Top 10 tips for cycling in hot weather
A cycle ride in the summer is something we all look forward to, but the combination of heat and strong sun can make any ride less pleasurable. If you are doing a longer or more demanding ride – in hills, for instance – it could result in a number of health conditions; for example, you could be affected by heat exhaustion, heatstroke, sunburn and dehydration. The following advice will help ensure you stay healthy and enjoy your ride in the sun.
1. Stay hydrated
Cycling in the heat will mean you sweat more, so you will need to drink more than normal. Don’t wait to feel thirsty to have a drink: drink water little and often throughout your ride. You can also aid your hydration before you even start cycling by drinking water and eating a good breakfast.

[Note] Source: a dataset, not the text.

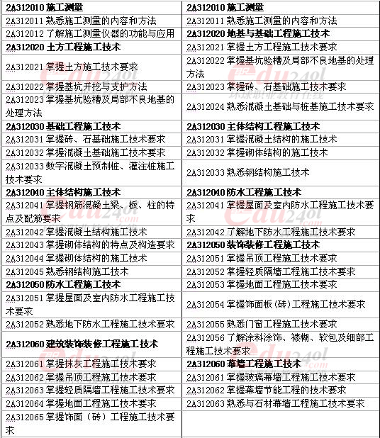 本章分為兩節。第一節建筑工程技術要求,包括了建筑結構技術、建筑構造要求和建筑材料。第二節是建筑施工技術,包括施工測量、地基與基礎工程施工技術、主體結構工程施工技術、防水施工技術、裝飾裝修工程施工技術與幕墻工程施工技術等部分。在幕墻工程施工技術中增加了幕墻節能工程技術要求的有關內容。第一章的內容與2008年版相比,主要是調整,如把原第二節的混凝土結構、砌體結構的受力特點等調整至第一節,民用建筑構造中刪去了關于防潮層、散水、滴水等構造措施,補充了關于幼兒園、學校、一般民用建筑中欄桿的高度等與使用安全相關的構造要求。

If you’re feeling dehydrated, drink plenty of fluids such as water, diluted squash or fruit juice. These are much more effective than large amounts of tea or coffee. Fizzy drinks may contain more sugar than you need, and may be harder to take in large amounts.
2. Use sunscreen
Use a sweat- and water-resistant sunblock with a high SPF factor – it offers the best level of protection. Cyclists often forget to use sunblock on the back of their necks and ears, and if you’re not wearing gloves the back of your hands is another area that will get a lot of sun. Don’t forget to reapply your sunblock every few hours.
New members joining Cycling UK today receive a free ‘Summer Essentials’ kit worth £16.99, which includes a roll-on Pelotan sun cream and a mini Smidge insect repellent.
3. Dress for the weather
Wear lightweight clothes that will keep you cool and comfortable in the heat. This could be loose-fitting clothing or more technical gear with sweat-wicking properties or UV protection. Fingerless cycling gloves can help prevent sweaty palms from slipping on the handlebars. Thin socks and vented shoes will help to keep your feet cool.
4. Protect your eyes
Protect your eyes from the glare of the sun with a good-quality pair of sunglasses with 100% UV filtering lenses. This will also help prevent dust and insects from getting in your eyes and spoiling your ride. Avoid rubbing sunblock too close to your eyes as it can irritate them.
5. Wear insect repellent
Warmer weather tends to bring out insects like midges and mosquitoes, particularly in damp and still conditions. Invest in a good-quality insect repellent and when required use on any uncovered skin. Being eaten alive by midges can ruin any camping trip, so if you’re touring or bikepacking in midge-prone areas make sure you pick a camping spot away from shady, damp areas, cover up your skin and pack a head net.
6. Check for ticks
If you’re riding off road, be aware of ticks which are active in warmer weather and prefer shady, damp conditions including woodlands and moors. After a ride, brush down your clothing to remove any unattached ticks. When you change or shower, check your skin – paying particular attention to moist areas like behind the knee. If you find a tick, use a proper tick remover to take it off. Read our guide for everything you need to know about ticks and Lyme disease.
7. Ride to the conditions
A baking hot day might not be the best time to take on your furthest or fastest ride. When planning your ride take into account the conditions, whether that means slowing the pace or limiting the distance. You will need to take more breaks in warmer weather, particularly if riding with children, so make sure you factor in rest stops.
8. Fuel up
Taking snacks with you will help fuel your ride. But make sure they’re weather appropriate – for example chocolate will just melt in the heat. Choose food that isn’t sticky or likely to disintegrate in your pocket, such as flapjacks, fruit like satsumas or apples or, as suggested below, frozen bananas. It’ll save you having to clean melted chocolate out of your kit too! We have more in-depth advice for what to eat on longer rides.
9. Cover your trips
If your summer cycling involves taking a trip, make sure you’re covered with travel insurance. Be aware that some travel insurance policies do not specifically cover cycling, so make sure your policy includes medical care or repatriation following a cycling accident.
Remember that Cycling UK members receive 15% discount off policies with specialist cycle travel insurers Yellow Jersey, including a separate short-term bicycle insurance policy that allows you to add cover for your bicycle for a holiday.
10. Freeze ahead
The night before, freeze one bottle of water (only fill it up 75% as ice expands). As you ride the ice will melt and you’ll have a refreshing cold drink. If you are feeling very warm you can also use your icy water bottle to squirt yourself to cool down, too. You can also freeze bananas for a cold nutritious snack that won’t be mushy – although you will need to eat them before they defrost!